START Available records

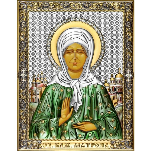 Икона Матрона Московская, 14х18 см, в окладе, на дереве
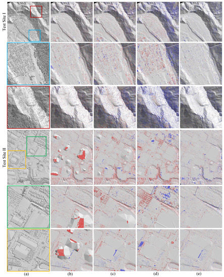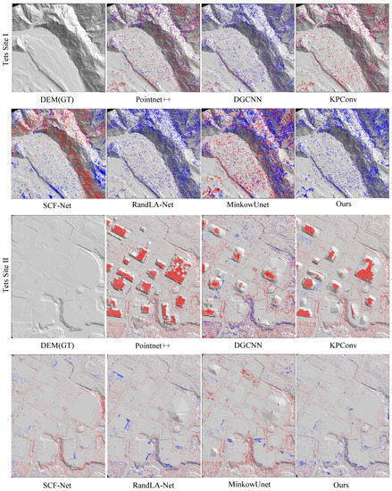 Some visualized results on large buildings in Test Site II of different network architectures. Points in red and blue denote the misclassified non-ground and ground points, respectively.
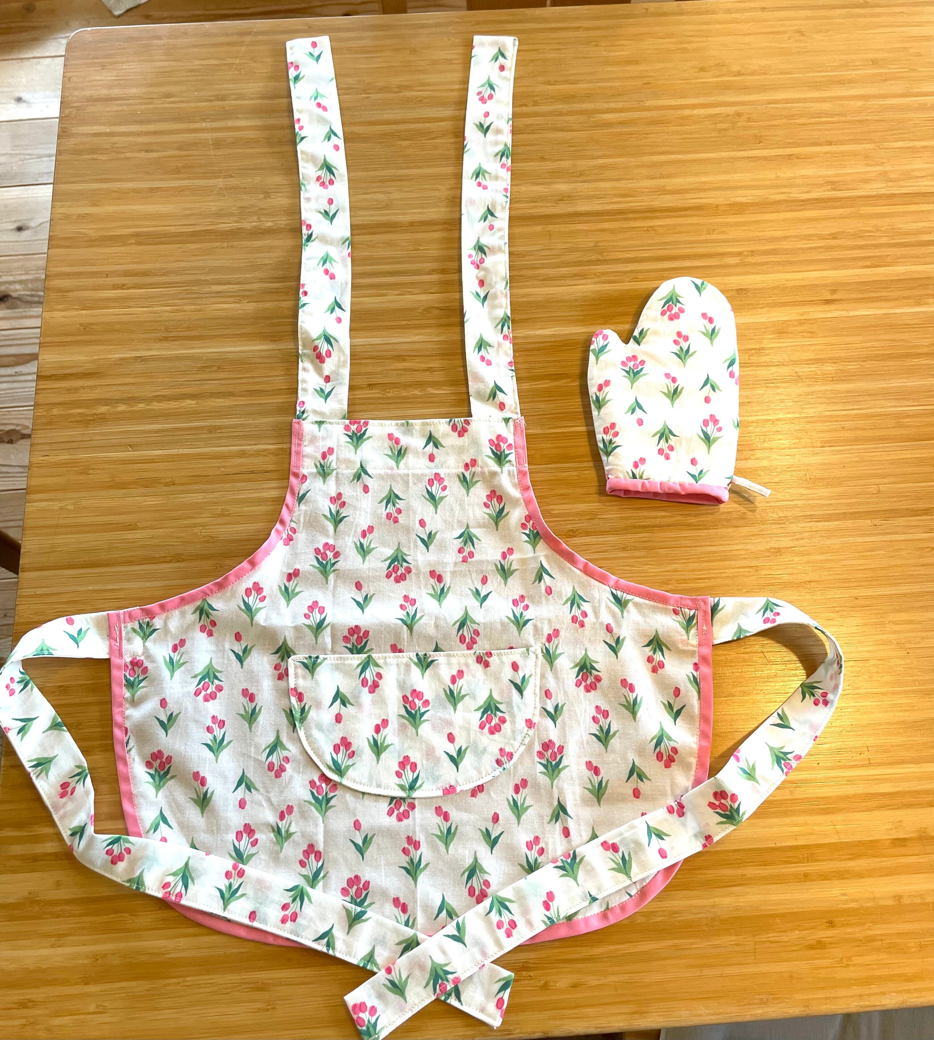 子ども用のエプロンとミトン(チューリップ柄)です。
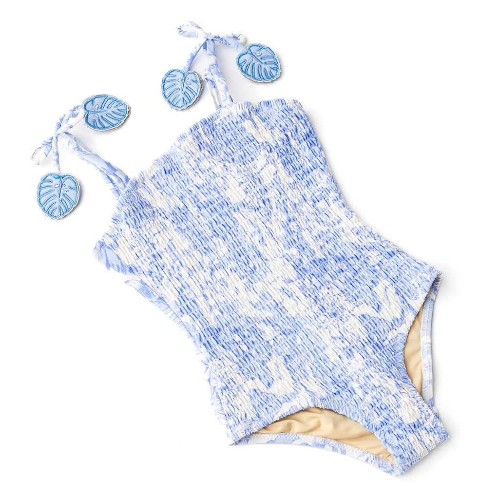 Let her shine in the Tropical Blues Girls Smocked One-Piece Swimsuita stylish and comfortable swimsuit that blends classic design with modern details. Featuring beautiful smocked detailing and adjustable straps, this swimsuit offers a perfect fit and a fun, flattering look for all her summer adventures. the Tropical Blues Girls Smocked One-Piece Swimsuit features a vibrant tropical print thats perfect for beach days, poolside fun, or any warm-weather adventure. Stylish, comfortable, and sun-safe, its the ideal swimsuit for your little ones summer wardrobe.
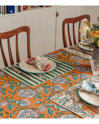 Le set de table matelassé Lathi est lavable en machine à 30°C. Privilégiez un séchage à l'air libre pour préserver ses couleurs et la qualité de son impression block print dans la durée.
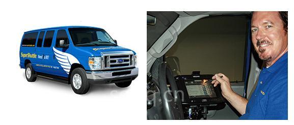 移動車載平板PC, , 裝備 GSM, GPRS, HSDPA, WCDMA Wi-Fi 和 Bluetooth功能,因此 SuperShuttle的司機(jī)可以隨時取得聯(lián)系,在他們?nèi)ト魏蔚胤降臅r候。接機(jī)位置的更新是和個人預(yù)訂信息的保留是實時連機(jī)的。隨同空間導(dǎo)航工具包 Telogis Geobase提供的功能,系統(tǒng)可以及時自動優(yōu)化路線。
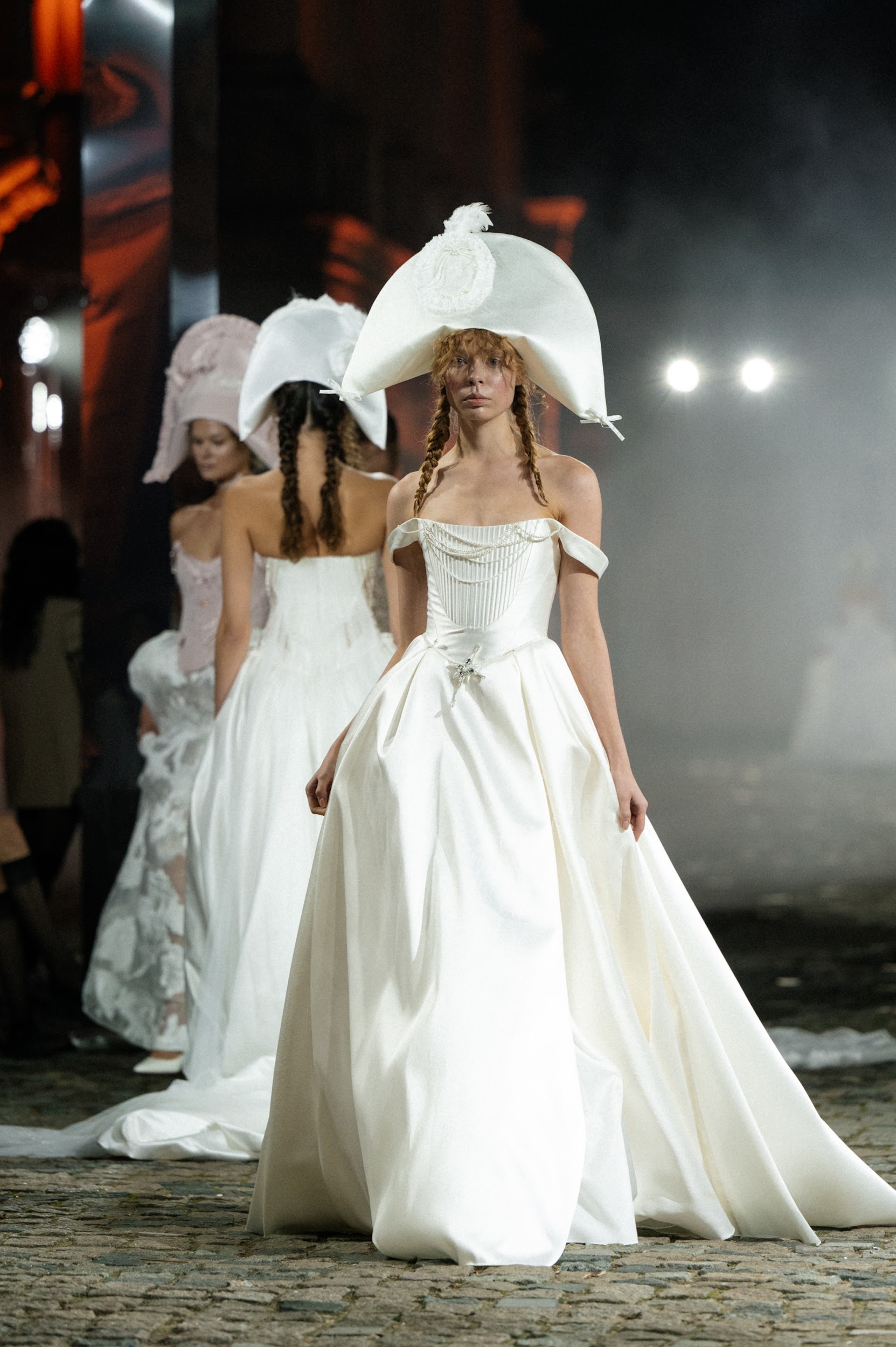 В рамках шоу было представлено несколько кутюрных коллекций: Ange Etoiles, посвященная знакам зодиака; Rara Avis, воплощающая идею о прекрасном райском саде; воздушная коллекция Blammo-Biamo; роскошная Imperial Opulence и коллекция Moon Light, вдохновленная лунным светом и сиянием. Стилизация образов моделей на показе также была приурочена к основной теме — истории. В качестве аксессуаров были подготовлены наполеоновские шляпы, дополненные фатами, объемными цветами и воланами.
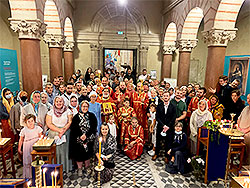 По окончании богослужения настоятель прихода в свою очередь поздравил епископа Иринея по случаю его Дня Ангела, подчеркнув особое благословение, чтобы собраться всем вместе для молитвы в этот день в столь значительном месте. Владыке и его пастве было провозглашено многолетствие. Силами прихода была приготовлена праздничная трапеза, на которой Его Преосвященство смог несколько часов пообщаться с верующими.
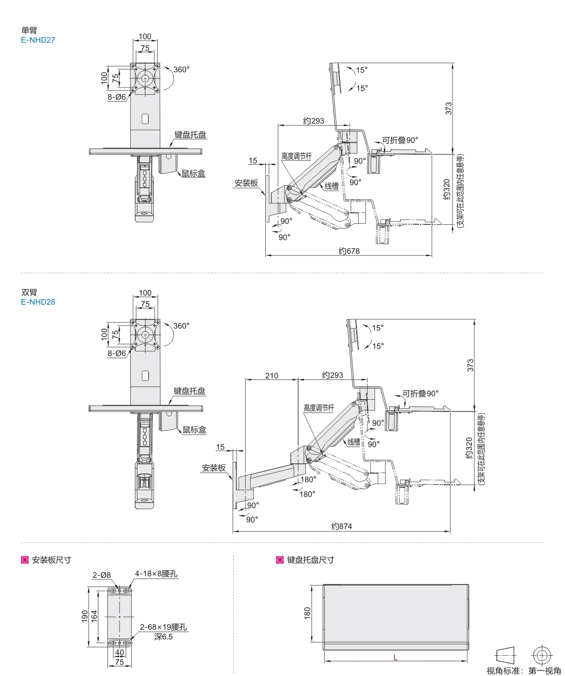 经济型重载显示器支架 单显示器 壁挂式安装 固定型•气弹簧锁定型•单臂/双臂
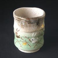 寸法:口径7.8cm×高さ9.3cm 初代東文吉(1854〜1913)は、陶祖斉田道開の弟子として陶技を習得。 その後多くの弟子を育成し九谷焼の発展に生涯を捧げた。 現在の文吉窯は、初代の頃の豪華絢爛な意匠とはかなり趣を異にするが、焼物に対するしたたかなこだわりをあくまでも継承し、1品1品手造り手描きの心のこもった「うつわ」造りに日々専心している。
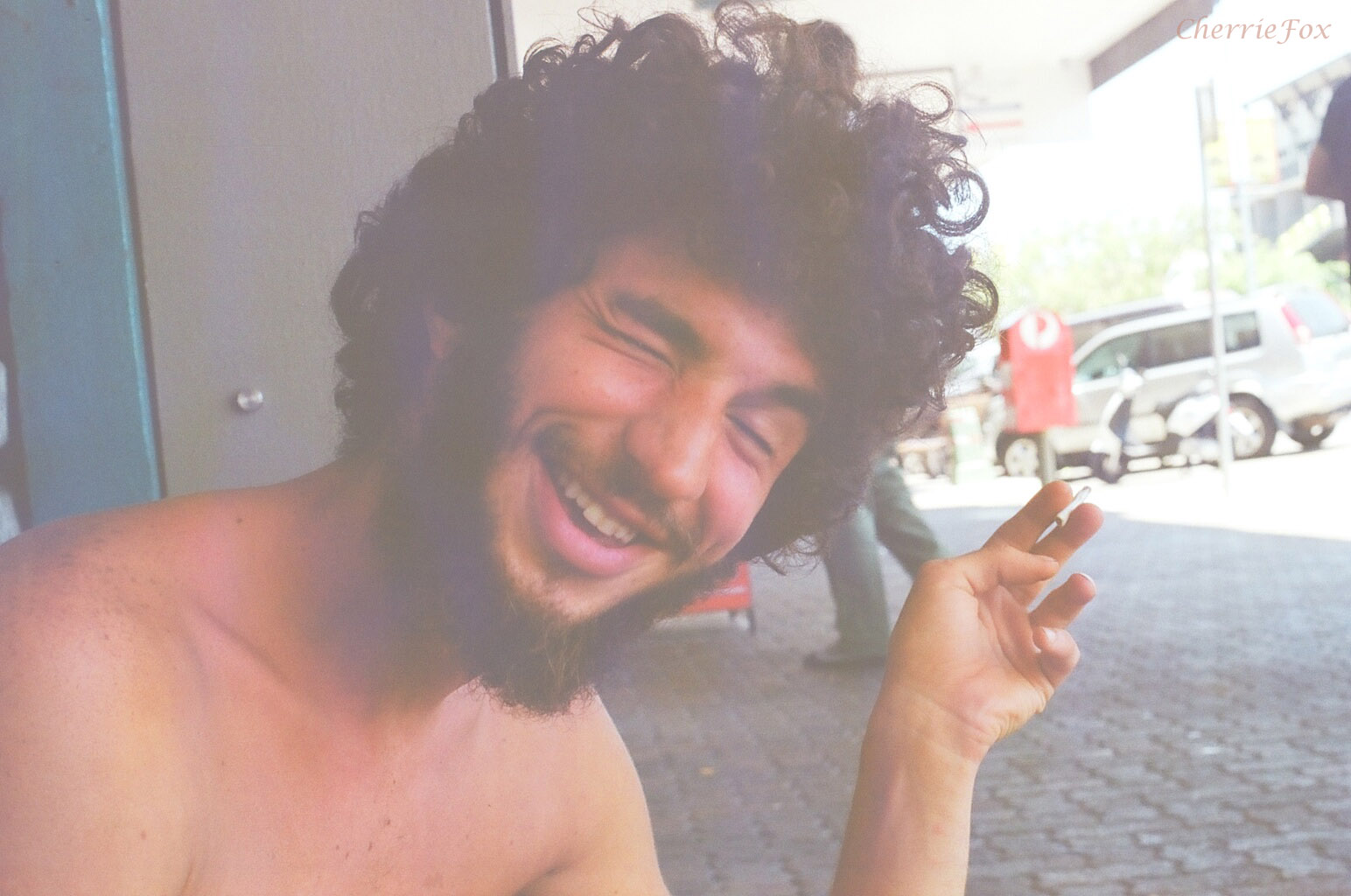 Ussef with footpath coffee and cigarettes.

END Available records

▶ _Exercise_
One exact copy of the data, no pictures: write it out line for line.

▶ _Reply to the task_
 Икона Матрона Московская, 14х18 см, в окладе, на дереве
 Some visualized results on large buildings in Test Site II of different network architectures. Points in red and blue denote the misclassified non-ground and ground points, respectively.
 子ども用のエプロンとミトン(チューリップ柄)です。
 Let her shine in the Tropical Blues Girls Smocked One-Piece Swimsuita stylish and comfortable swimsuit that blends classic design with modern details. Featuring beautiful smocked detailing and adjustable straps, this swimsuit offers a perfect fit and a fun, flattering look for all her summer adventures. the Tropical Blues Girls Smocked One-Piece Swimsuit features a vibrant tropical print thats perfect for beach days, poolside fun, or any warm-weather adventure. Stylish, comfortable, and sun-safe, its the ideal swimsuit for your little ones summer wardrobe.
 Le set de table matelassé Lathi est lavable en machine à 30°C. Privilégiez un séchage à l'air libre pour préserver ses couleurs et la qualité de son impression block print dans la durée.
 移動車載平板PC, , 裝備 GSM, GPRS, HSDPA, WCDMA Wi-Fi 和 Bluetooth功能,因此 SuperShuttle的司機(jī)可以隨時取得聯(lián)系,在他們?nèi)ト魏蔚胤降臅r候。接機(jī)位置的更新是和個人預(yù)訂信息的保留是實時連機(jī)的。隨同空間導(dǎo)航工具包 Telogis Geobase提供的功能,系統(tǒng)可以及時自動優(yōu)化路線。
 В рамках шоу было представлено несколько кутюрных коллекций: Ange Etoiles, посвященная знакам зодиака; Rara Avis, воплощающая идею о прекрасном райском саде; воздушная коллекция Blammo-Biamo; роскошная Imperial Opulence и коллекция Moon Light, вдохновленная лунным светом и сиянием. Стилизация образов моделей на показе также была приурочена к основной теме — истории. В качестве аксессуаров были подготовлены наполеоновские шляпы, дополненные фатами, объемными цветами и воланами.
 По окончании богослужения настоятель прихода в свою очередь поздравил епископа Иринея по случаю его Дня Ангела, подчеркнув особое благословение, чтобы собраться всем вместе для молитвы в этот день в столь значительном месте. Владыке и его пастве было провозглашено многолетствие. Силами прихода была приготовлена праздничная трапеза, на которой Его Преосвященство смог несколько часов пообщаться с верующими.
 经济型重载显示器支架 单显示器 壁挂式安装 固定型•气弹簧锁定型•单臂/双臂
 寸法:口径7.8cm×高さ9.3cm 初代東文吉(1854〜1913)は、陶祖斉田道開の弟子として陶技を習得。 その後多くの弟子を育成し九谷焼の発展に生涯を捧げた。 現在の文吉窯は、初代の頃の豪華絢爛な意匠とはかなり趣を異にするが、焼物に対するしたたかなこだわりをあくまでも継承し、1品1品手造り手描きの心のこもった「うつわ」造りに日々専心している。
 Ussef with footpath coffee and cigarettes.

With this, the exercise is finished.